- THE RECORDS:

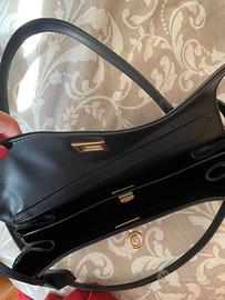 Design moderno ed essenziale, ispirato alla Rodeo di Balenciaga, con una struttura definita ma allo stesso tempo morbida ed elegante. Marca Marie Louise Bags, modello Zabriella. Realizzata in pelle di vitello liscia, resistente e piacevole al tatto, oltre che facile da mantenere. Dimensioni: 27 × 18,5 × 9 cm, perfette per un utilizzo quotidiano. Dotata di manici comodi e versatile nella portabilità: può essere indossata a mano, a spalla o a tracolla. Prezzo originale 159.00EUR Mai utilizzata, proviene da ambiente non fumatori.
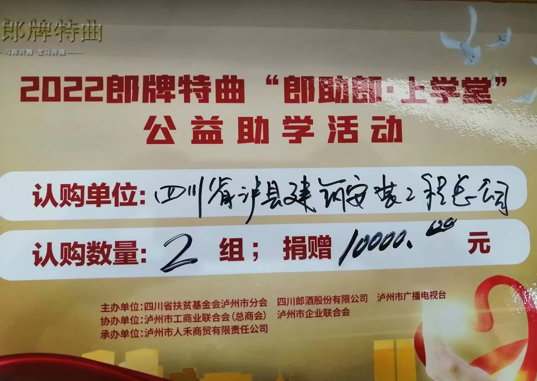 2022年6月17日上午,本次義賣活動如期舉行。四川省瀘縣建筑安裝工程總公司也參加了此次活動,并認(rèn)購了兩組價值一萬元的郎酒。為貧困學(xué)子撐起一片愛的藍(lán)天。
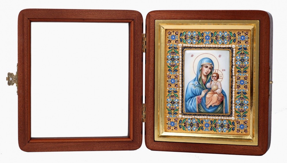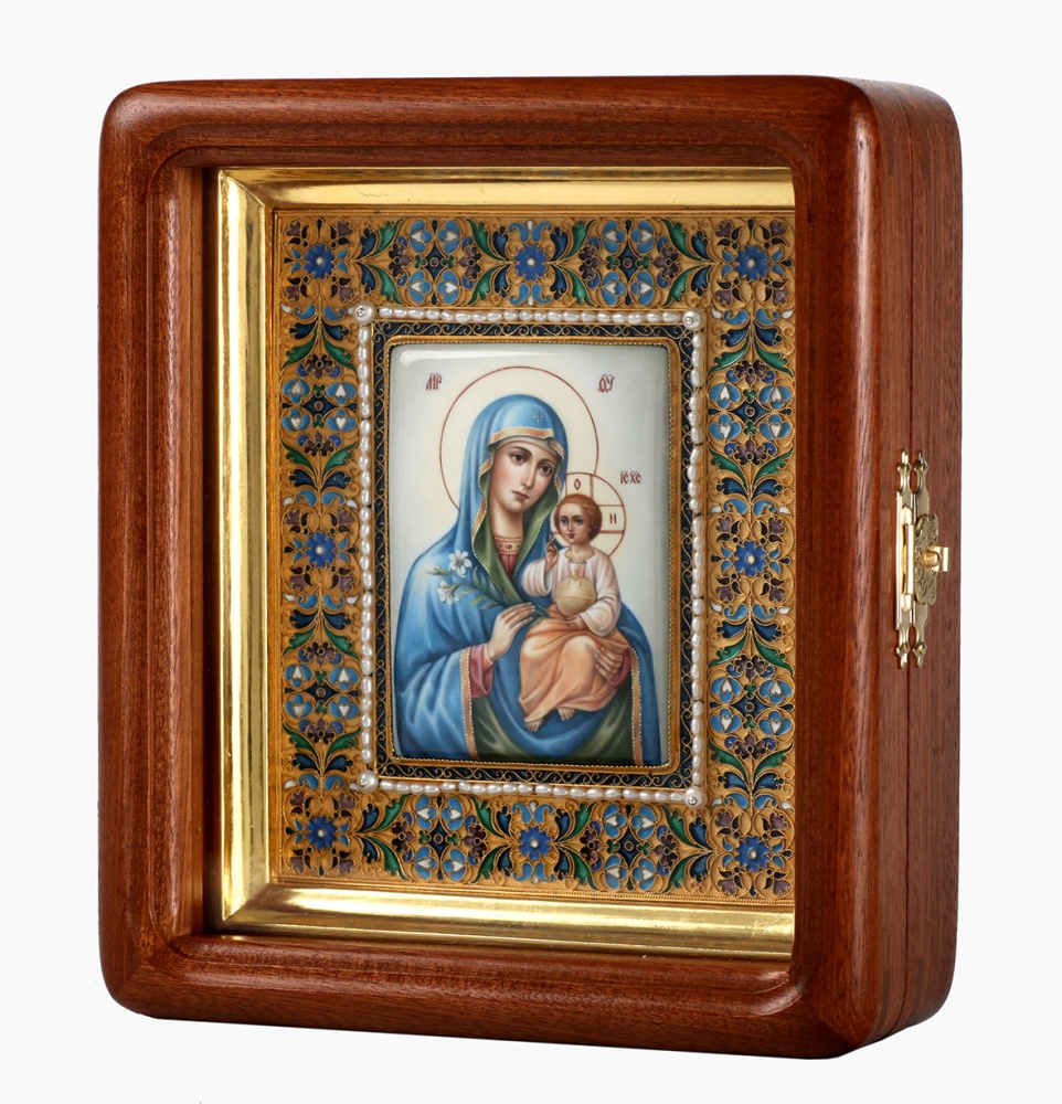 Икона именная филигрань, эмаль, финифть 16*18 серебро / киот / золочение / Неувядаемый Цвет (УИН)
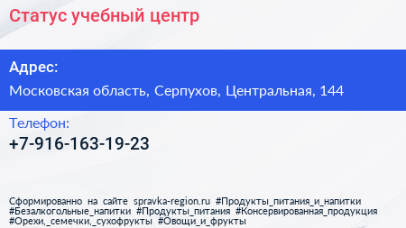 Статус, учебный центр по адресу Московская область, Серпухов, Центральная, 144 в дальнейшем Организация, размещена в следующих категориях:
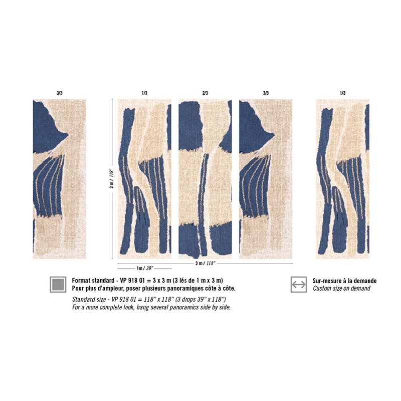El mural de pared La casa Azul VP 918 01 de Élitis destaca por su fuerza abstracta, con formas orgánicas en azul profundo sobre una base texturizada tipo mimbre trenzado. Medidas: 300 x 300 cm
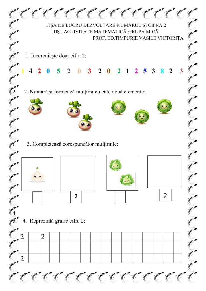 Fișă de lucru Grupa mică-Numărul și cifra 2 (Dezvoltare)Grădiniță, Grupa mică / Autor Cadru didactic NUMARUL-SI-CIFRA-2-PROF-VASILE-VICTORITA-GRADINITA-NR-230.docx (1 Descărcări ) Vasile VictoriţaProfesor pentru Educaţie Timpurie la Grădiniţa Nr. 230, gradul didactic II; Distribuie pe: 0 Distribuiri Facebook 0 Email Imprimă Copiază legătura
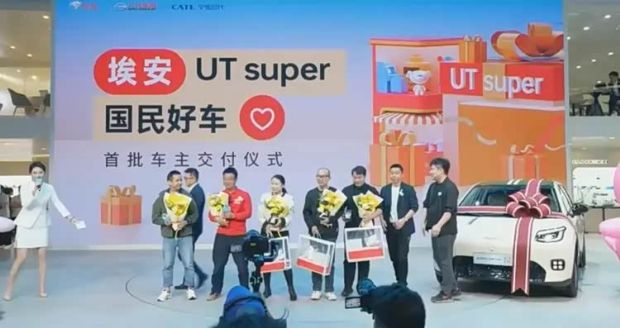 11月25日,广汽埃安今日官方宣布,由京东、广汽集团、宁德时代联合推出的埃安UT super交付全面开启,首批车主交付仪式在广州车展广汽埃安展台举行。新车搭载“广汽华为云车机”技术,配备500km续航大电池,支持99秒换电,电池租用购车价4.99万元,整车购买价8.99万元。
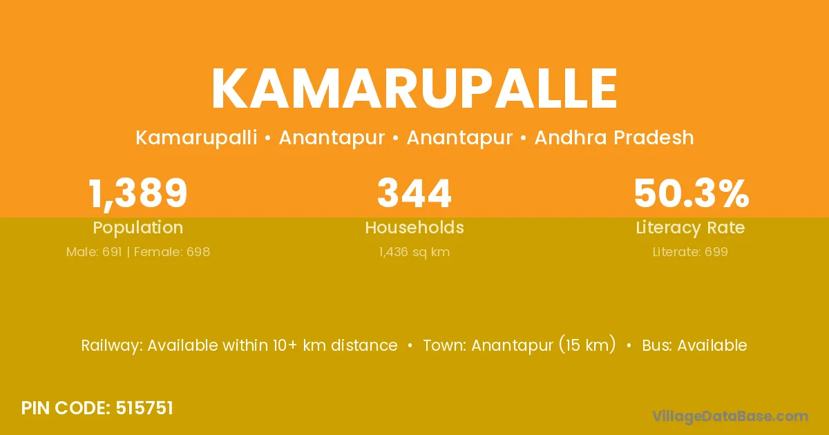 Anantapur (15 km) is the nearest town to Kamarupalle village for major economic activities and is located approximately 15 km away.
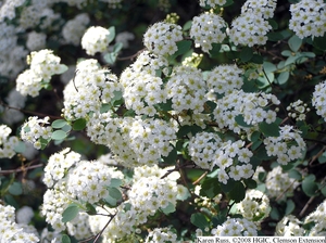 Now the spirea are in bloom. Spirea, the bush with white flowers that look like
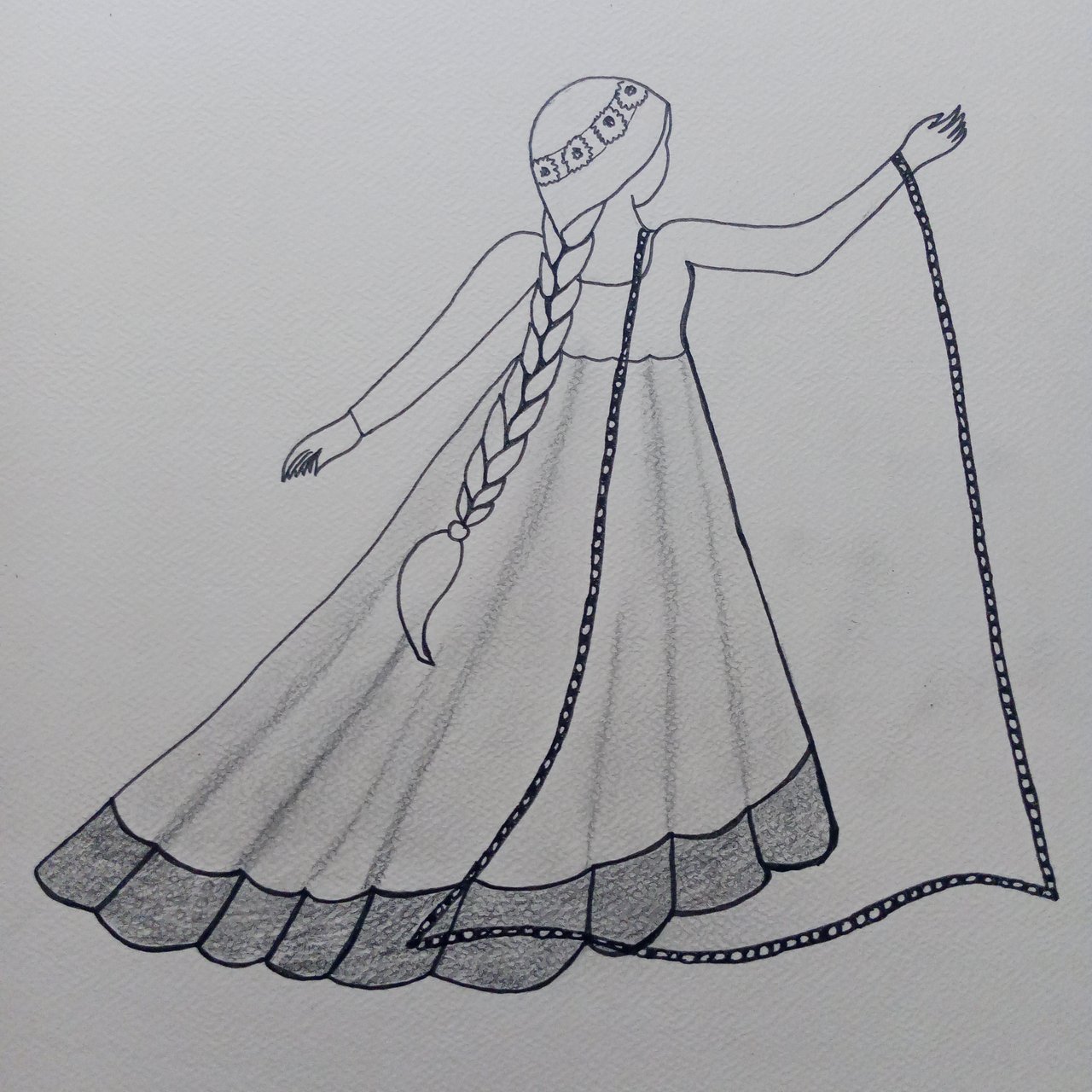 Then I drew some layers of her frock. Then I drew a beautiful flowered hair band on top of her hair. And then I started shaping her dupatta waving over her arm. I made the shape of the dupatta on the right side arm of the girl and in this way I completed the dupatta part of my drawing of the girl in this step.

- DESCRIPTION OF THE TASK:
The entries above are to be returned exactly, without their pictures.

- WRITTEN SOLUTION:
 Design moderno ed essenziale, ispirato alla Rodeo di Balenciaga, con una struttura definita ma allo stesso tempo morbida ed elegante. Marca Marie Louise Bags, modello Zabriella. Realizzata in pelle di vitello liscia, resistente e piacevole al tatto, oltre che facile da mantenere. Dimensioni: 27 × 18,5 × 9 cm, perfette per un utilizzo quotidiano. Dotata di manici comodi e versatile nella portabilità: può essere indossata a mano, a spalla o a tracolla. Prezzo originale 159.00EUR Mai utilizzata, proviene da ambiente non fumatori.
 2022年6月17日上午,本次義賣活動如期舉行。四川省瀘縣建筑安裝工程總公司也參加了此次活動,并認(rèn)購了兩組價值一萬元的郎酒。為貧困學(xué)子撐起一片愛的藍(lán)天。
 Икона именная филигрань, эмаль, финифть 16*18 серебро / киот / золочение / Неувядаемый Цвет (УИН)
 Статус, учебный центр по адресу Московская область, Серпухов, Центральная, 144 в дальнейшем Организация, размещена в следующих категориях:
El mural de pared La casa Azul VP 918 01 de Élitis destaca por su fuerza abstracta, con formas orgánicas en azul profundo sobre una base texturizada tipo mimbre trenzado. Medidas: 300 x 300 cm
 Fișă de lucru Grupa mică-Numărul și cifra 2 (Dezvoltare)Grădiniță, Grupa mică / Autor Cadru didactic NUMARUL-SI-CIFRA-2-PROF-VASILE-VICTORITA-GRADINITA-NR-230.docx (1 Descărcări ) Vasile VictoriţaProfesor pentru Educaţie Timpurie la Grădiniţa Nr. 230, gradul didactic II; Distribuie pe: 0 Distribuiri Facebook 0 Email Imprimă Copiază legătura
 11月25日,广汽埃安今日官方宣布,由京东、广汽集团、宁德时代联合推出的埃安UT super交付全面开启,首批车主交付仪式在广州车展广汽埃安展台举行。新车搭载“广汽华为云车机”技术,配备500km续航大电池,支持99秒换电,电池租用购车价4.99万元,整车购买价8.99万元。
 Anantapur (15 km) is the nearest town to Kamarupalle village for major economic activities and is located approximately 15 km away.
 Now the spirea are in bloom. Spirea, the bush with white flowers that look like
 Then I drew some layers of her frock. Then I drew a beautiful flowered hair band on top of her hair. And then I started shaping her dupatta waving over her arm. I made the shape of the dupatta on the right side arm of the girl and in this way I completed the dupatta part of my drawing of the girl in this step.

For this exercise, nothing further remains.